> **Task**: Leave out every picture, and restate word for word only the lines from the one containing "POV-beelden laten zien" through the end of the material.

> **Provided material**:
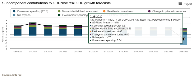 Even as the world’s attention last Friday was focused elsewhere, we got a real doozy of a data update in a corner of the economic universe that usually doesn’t get much play. The Atlanta Federal Reserve’s Real GDP “Nowcast” for Q1 plunged from 2.3% to -1.5%. Yeah, that’s not a typo, nor is it a computation error by the folks who run what is normally a very good, and popular, GDP growth tracker (typically even better than economists’ consensus forecast, which right now is close to 2% for Q1). The GDP Nowcast is a running estimate of the GDP growth in the current quarter and is continually updated as data are released. However, as this latest batch of data just showed, the nowcast has a big flaw, which gets to why the GDP growth tracker collapsed. In short, you shouldn’t panic, though that doesn’t mean there are no concerns.
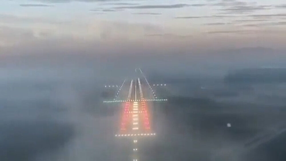 POV-beelden laten zien hoe piloten een vliegtuig in dikke mist weten te landen
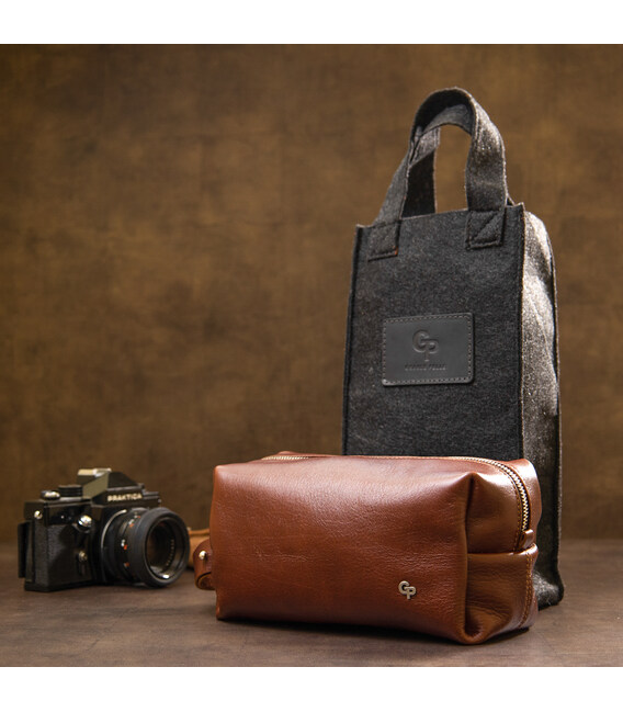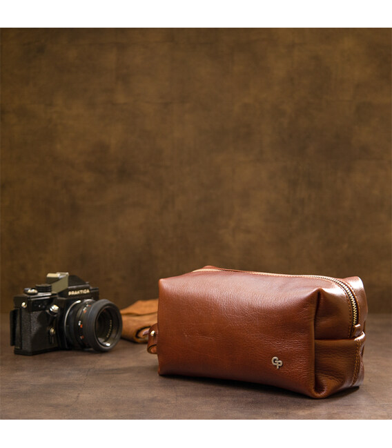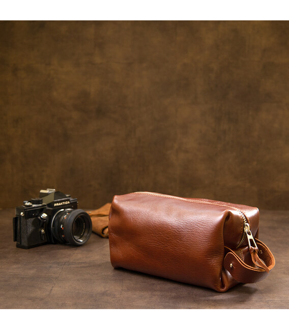 Добротна чоловіча косметичка з високоякісної натуральної шкіри в гарному насиченому коричневому кольорі. Має компактні розміри, але при цьому дуже містка і функціональна. Така косметичка може стати незамінним аксесуаром в поїздці або просто в повсякденному використанні. Також вона може стати незабутнім подарунком для близької людини.

> **Exercise solution**:
 POV-beelden laten zien hoe piloten een vliegtuig in dikke mist weten te landen
 Добротна чоловіча косметичка з високоякісної натуральної шкіри в гарному насиченому коричневому кольорі. Має компактні розміри, але при цьому дуже містка і функціональна. Така косметичка може стати незамінним аксесуаром в поїздці або просто в повсякденному використанні. Також вона може стати незабутнім подарунком для близької людини.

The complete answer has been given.